Her neighbour of 36 years, a leaseholder who says she would have liked the estate to have stayed as it was, has bought a property in nearby Manor Park. ‘They used to call this “Totley Row” [referencing an affluent suburb on the edge of Sheffield] - it was the posh end of the flats. We’d have street parties; leave our doors open. Look at it now. A community’s been ruined,’ she says.

Sheffield Council - which recently took 42,000 properties back in-house from arm’s-length management organisation Sheffield Homes - has 13,000 people registered to bid for properties through its choice-based lettings scheme, and has assigned a housing officer to support Park Hill tenants bidding for other properties and to move on. It continues to decant tenants, but when their blocks will be lived in again is uncertain. ‘There’s a lot of commitment to making it happen,’ says Great Places chief executive Matthew Harrison, explaining that the housing association’s frustrations at Park Hill’s slow progress have been offset by the project team’s positive attitude. ‘The focus is getting phase one done.’

Urban Splash’s Mr Lawrence reckons the balance of phase one - 185 more properties, including 30 for social rent - will be finished in 18 to 24 months’ time. Beyond this, he says it’s a matter of ‘never leaving Park Hill until the job’s done’. But he admits ‘strong caveats’ about demand and the availability of debt finance mean it’s impossible to say whether the project will be finished a decade from now.

In the meantime a population will continue to return, gradually. Two design firms have taken some of the new commercial space in Flank A, and there’s talk of other businesses moving in to provide local amenities.
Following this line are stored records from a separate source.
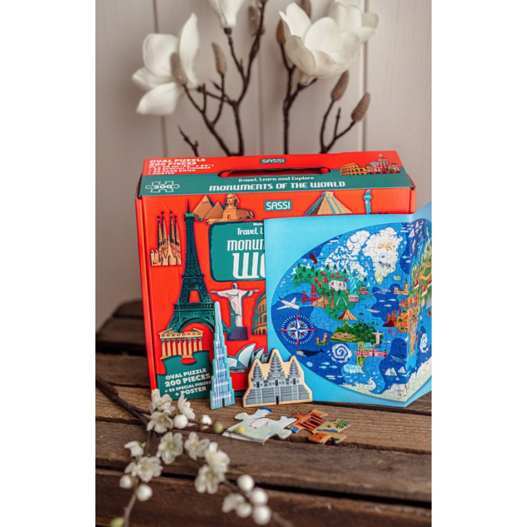 Parti per un viaggio emozionante e impara conoscendo i monumenti più famosi del mondo riconosciuti dall'UNESCO come Patrimoni dell'Umanità! Con 32 formine da assemblare e posizionare sul puzzle, stimolerai il tuo apprendimento della geografia mentre esplori torri, palazzi, anfiteatri, antiche piramidi e moderni grattacieli.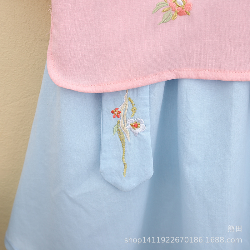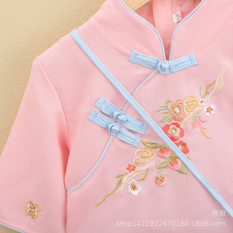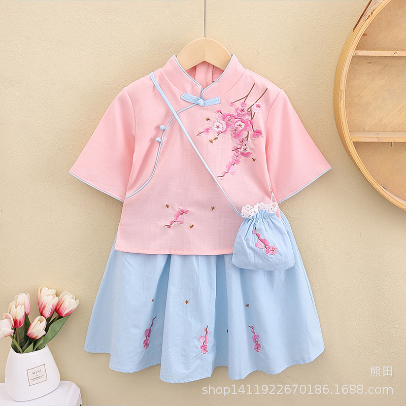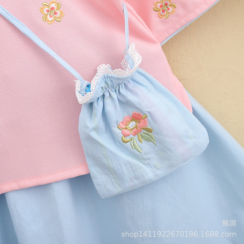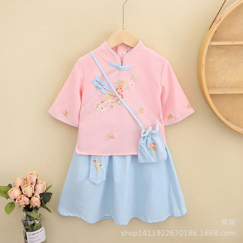 어린이 Hanfu 여름 소녀 당 세트 치파오 개선 Hanfu 스커트 작은 소녀의 국가 스타일 어린이 의류 민족 스타일 고대 원피스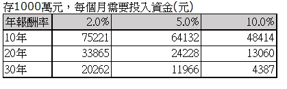 另外,提高報酬率也可讓理財更輕鬆,假設投資20年,年投資報酬率從5%提高到10%,每月投資金額就可從24000元降為13000元。所以,越早開始投資越好,同時要選擇高報酬率的理財工具。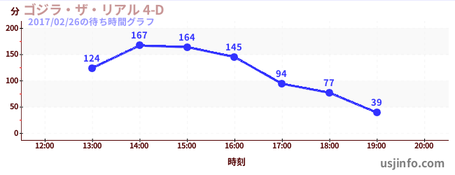 • ゴジラ・ザ・リアル 4-D$B$N(B2017年02月26日の待ち時間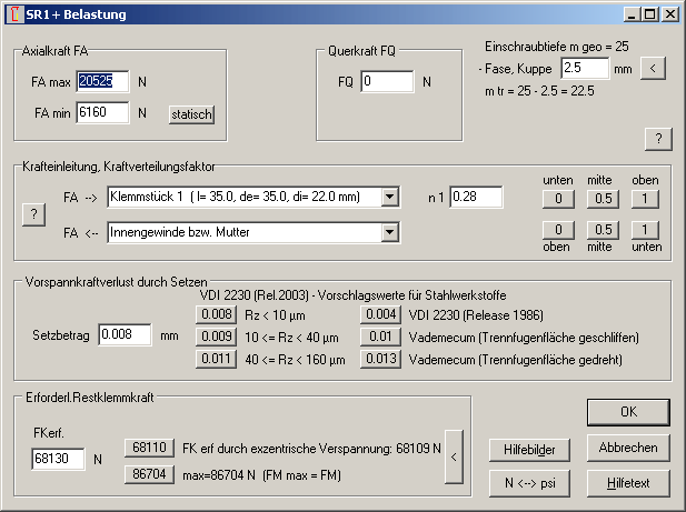 Bei der Abstreifsicherheit waren bisher nichtragende Gewindeabschnitte durch Fasen beim Muttergewinde und Kuppe bei der Schraube nicht berücksichtigt worden. Jetzt kann man unter "Bearbeiten->Last" den Betrag nichttragender Gewindeanteile bei der Berechnung berücksichtigen. Bei Sacklochverschraubung ist dies die Fase am Muttergewinde und die Kuppe an der Schraube, bei Durchsteckverschraubung zwei Fasen an der Mutter. Empfohlen wird ein Betrag zwischen 1.0 und 2.0 x Gewindesteigung. Mit "<" wird 1.0 x P eingesetzt.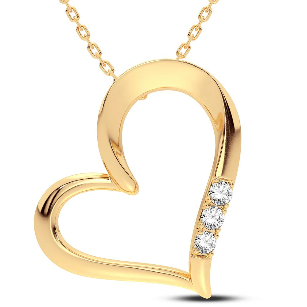 Crafted with finesse, the “Whisper of Elegance” pendant is a delicate piece featuring a modern heart silhouette in polished 14K yellow gold, complemented by a vertical row of glittering diamonds with a total carat weight of 0.06. A subtle statement of sophistication, this pendant captures the light and the attention with its understated charm and purity of design.

But as delays stretch out and memories fade, it remains to be seen how many more former residents will return.

Timeline: Sheffield’s streets in the sky

1957 to 1961: Park Hill was built by Sheffield Council on a site covering 32 acres. Constructed of reinforced concrete, its brutalist design features broad ‘streets in the sky’ wide enough for a milk float to pass along.

1998: Park Hill is awarded grade II listed status, because English Heritage wanted to preserve its brutalist modernist architecture, making it the largest listed structure in Europe.

2003: Sheffield Council and English Partnerhips (the forerunner to the Homes and Communities Agency) begin to put together a vision for the future of Park Hill, which had fallen into decline, that would transform it into a vibrant, mixed-tenure estate with homes, shops and businesses.

2004: Great Places Housing Group and developer Urban Splash are selected as partners for the project, which has received £13 million in funding from Transform South Yorkshire (the former housing market renewal agency),
£24 million from the Homes and Communities Agency and £10 million from Great Places.

2007: Urban Splash begins work on phase one of the project.

2013: The first residents move into Flank A in January.

Nursery slopes

Headteacher, Park Hill's Grace owen nursery

‘The fact that the flats have emptied around us has had no impact in terms of involvement with the community,’ says Cath Whittingam (pictured), headteacher of Park Hill’s Grace Owen nursery. ‘There are people who think it’s gone, but it’s very much up and running; lively.’

The nursery is the last remaining amenity from ‘old’ Park Hill. After half a century near the top of the estate, it’s due to move to new premises in Flank A.

Grace Owen must wait on £100,000 of fit-out funding before it can relocate. At this point only a handful of its children live on Park Hill itself, but Ms Whittingham hopes it can once again act as a community anchor for residents of the flats, and relink the development to its surroundings.

‘The new build will draw people in and have the capacity to have new things happen in terms of education for adults; families,’ she goes on. ‘We’re looking at first steps of increasing holiday care by accommodating children up to a greater age [currently eight].’